**Exercise aim:** For the material below, output exactly the span from the line with "Houseplants breathe life" to the line with "店内は品揃えが豊富でフィギュ", including both, and nothing besides.

**Source data:**
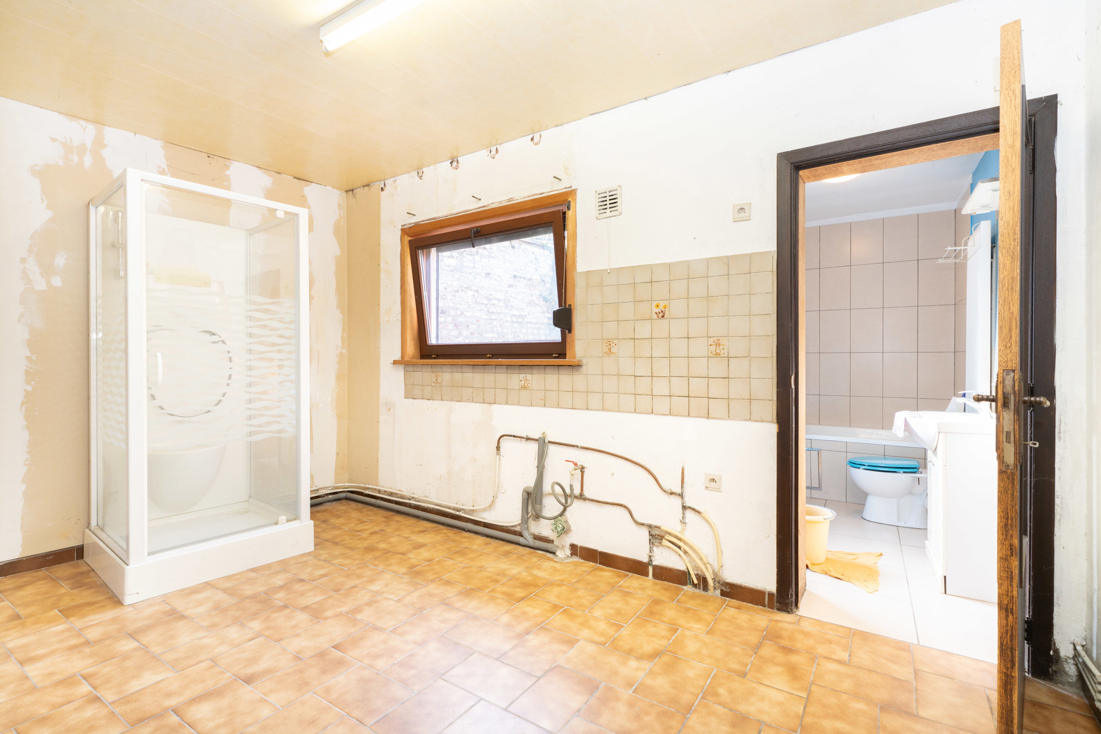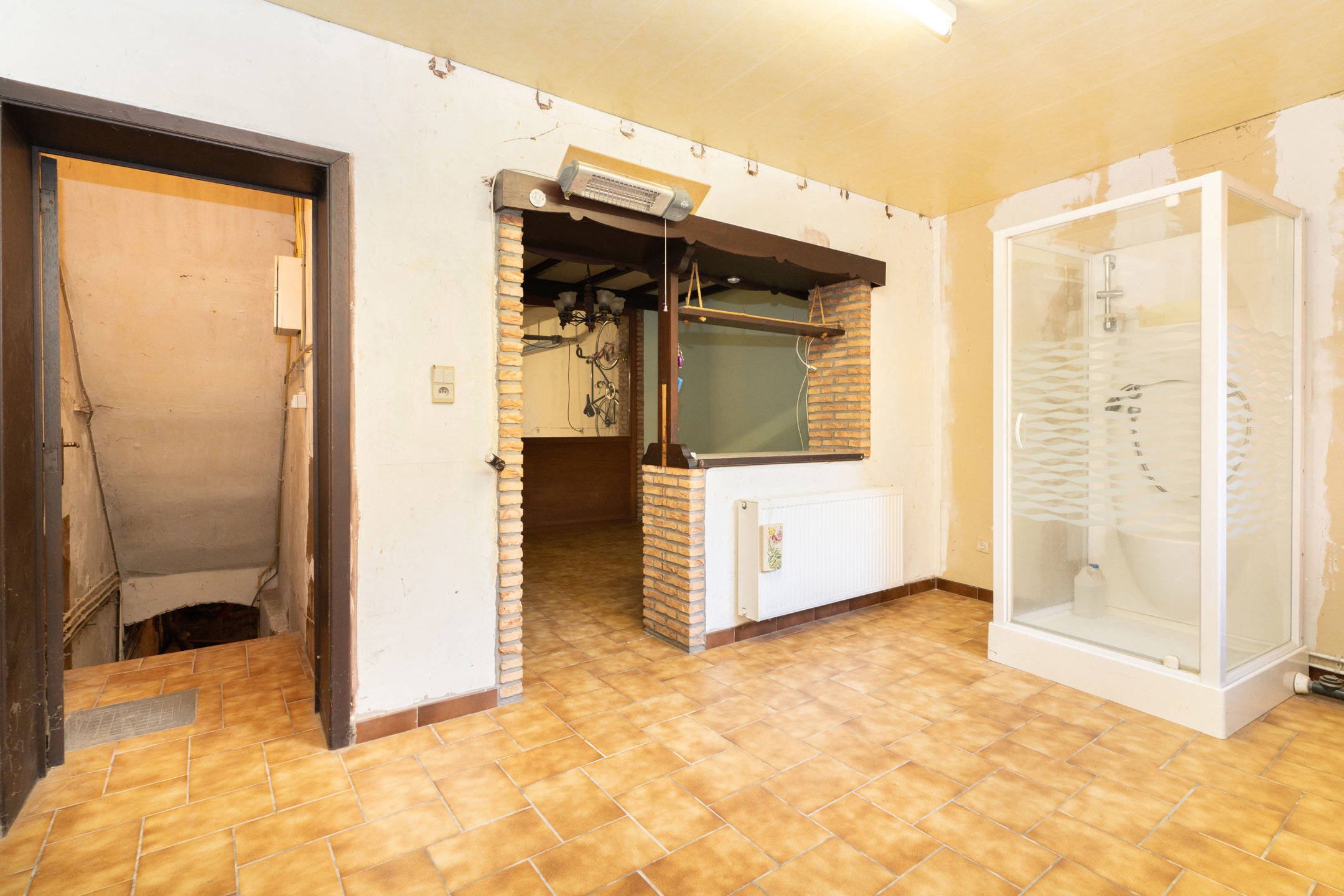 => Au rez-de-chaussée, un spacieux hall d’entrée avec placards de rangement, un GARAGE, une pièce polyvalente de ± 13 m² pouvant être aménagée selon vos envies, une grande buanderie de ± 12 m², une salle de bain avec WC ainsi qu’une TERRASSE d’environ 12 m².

--

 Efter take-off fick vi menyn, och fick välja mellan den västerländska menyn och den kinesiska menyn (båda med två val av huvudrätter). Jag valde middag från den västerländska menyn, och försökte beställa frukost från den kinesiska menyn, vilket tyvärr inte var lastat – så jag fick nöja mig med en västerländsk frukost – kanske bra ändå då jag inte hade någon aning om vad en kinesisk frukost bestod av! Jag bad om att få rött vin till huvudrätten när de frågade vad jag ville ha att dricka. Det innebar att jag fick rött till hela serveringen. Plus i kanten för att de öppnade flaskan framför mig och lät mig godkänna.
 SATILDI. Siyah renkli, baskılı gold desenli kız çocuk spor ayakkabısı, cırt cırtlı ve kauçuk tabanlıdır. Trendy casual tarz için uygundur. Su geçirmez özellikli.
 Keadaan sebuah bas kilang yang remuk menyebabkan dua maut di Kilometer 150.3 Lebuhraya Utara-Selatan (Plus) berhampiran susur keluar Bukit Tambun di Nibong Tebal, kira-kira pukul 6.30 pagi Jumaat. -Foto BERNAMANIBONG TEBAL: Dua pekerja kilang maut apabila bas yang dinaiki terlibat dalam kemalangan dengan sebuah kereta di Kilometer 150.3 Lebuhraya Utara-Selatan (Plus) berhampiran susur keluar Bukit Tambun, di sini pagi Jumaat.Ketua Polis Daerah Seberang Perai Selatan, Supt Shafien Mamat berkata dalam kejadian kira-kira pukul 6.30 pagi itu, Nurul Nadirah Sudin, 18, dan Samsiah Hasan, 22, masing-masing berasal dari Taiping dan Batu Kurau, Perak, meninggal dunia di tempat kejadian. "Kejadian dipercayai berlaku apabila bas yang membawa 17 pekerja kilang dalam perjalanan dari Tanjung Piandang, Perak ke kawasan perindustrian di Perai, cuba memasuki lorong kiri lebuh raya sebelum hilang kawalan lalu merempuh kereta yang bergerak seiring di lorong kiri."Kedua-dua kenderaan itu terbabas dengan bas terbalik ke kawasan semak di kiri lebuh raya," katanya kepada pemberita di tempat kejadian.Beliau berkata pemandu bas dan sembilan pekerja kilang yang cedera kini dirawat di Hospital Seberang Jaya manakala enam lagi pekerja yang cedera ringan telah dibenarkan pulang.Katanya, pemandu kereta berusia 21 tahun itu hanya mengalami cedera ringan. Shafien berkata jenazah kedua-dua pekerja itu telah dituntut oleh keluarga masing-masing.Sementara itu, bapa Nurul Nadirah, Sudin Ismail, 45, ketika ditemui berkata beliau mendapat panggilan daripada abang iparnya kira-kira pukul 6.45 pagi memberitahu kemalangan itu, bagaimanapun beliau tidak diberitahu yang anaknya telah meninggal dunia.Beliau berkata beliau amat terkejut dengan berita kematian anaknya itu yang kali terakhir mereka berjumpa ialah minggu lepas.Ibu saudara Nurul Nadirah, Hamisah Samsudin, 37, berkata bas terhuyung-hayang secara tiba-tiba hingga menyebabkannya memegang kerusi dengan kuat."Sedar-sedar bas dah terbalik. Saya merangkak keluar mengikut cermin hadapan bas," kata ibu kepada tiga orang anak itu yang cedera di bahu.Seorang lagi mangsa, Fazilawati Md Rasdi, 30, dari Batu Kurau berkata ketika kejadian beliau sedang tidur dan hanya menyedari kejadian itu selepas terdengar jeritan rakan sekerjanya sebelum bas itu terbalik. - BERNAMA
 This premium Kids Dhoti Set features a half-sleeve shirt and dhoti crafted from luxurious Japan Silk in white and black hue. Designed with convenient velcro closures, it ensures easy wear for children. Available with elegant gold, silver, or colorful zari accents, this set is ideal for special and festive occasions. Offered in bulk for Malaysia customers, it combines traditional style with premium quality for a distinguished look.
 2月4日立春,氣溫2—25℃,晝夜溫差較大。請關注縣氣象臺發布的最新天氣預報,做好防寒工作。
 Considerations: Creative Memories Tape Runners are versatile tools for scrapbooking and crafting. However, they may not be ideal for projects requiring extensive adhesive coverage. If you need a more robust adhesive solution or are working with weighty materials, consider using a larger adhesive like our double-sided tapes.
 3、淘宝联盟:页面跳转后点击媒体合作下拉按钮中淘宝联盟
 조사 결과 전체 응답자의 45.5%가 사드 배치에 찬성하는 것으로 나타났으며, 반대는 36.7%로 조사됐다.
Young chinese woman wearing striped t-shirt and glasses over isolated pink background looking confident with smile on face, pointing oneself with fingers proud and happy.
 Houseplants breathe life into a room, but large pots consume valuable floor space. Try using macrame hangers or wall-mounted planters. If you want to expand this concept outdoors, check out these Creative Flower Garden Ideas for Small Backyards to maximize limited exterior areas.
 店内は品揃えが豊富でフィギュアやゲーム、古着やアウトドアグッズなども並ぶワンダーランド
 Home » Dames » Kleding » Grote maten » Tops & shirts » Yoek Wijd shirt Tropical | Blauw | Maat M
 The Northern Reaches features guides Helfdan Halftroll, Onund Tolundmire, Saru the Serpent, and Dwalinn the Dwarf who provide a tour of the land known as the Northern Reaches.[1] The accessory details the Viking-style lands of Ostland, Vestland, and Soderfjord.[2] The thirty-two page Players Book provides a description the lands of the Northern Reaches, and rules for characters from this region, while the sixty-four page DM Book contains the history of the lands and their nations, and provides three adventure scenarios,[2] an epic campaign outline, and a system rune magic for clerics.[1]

**Exercise output:**
 Houseplants breathe life into a room, but large pots consume valuable floor space. Try using macrame hangers or wall-mounted planters. If you want to expand this concept outdoors, check out these Creative Flower Garden Ideas for Small Backyards to maximize limited exterior areas.
 店内は品揃えが豊富でフィギュアやゲーム、古着やアウトドアグッズなども並ぶワンダーランド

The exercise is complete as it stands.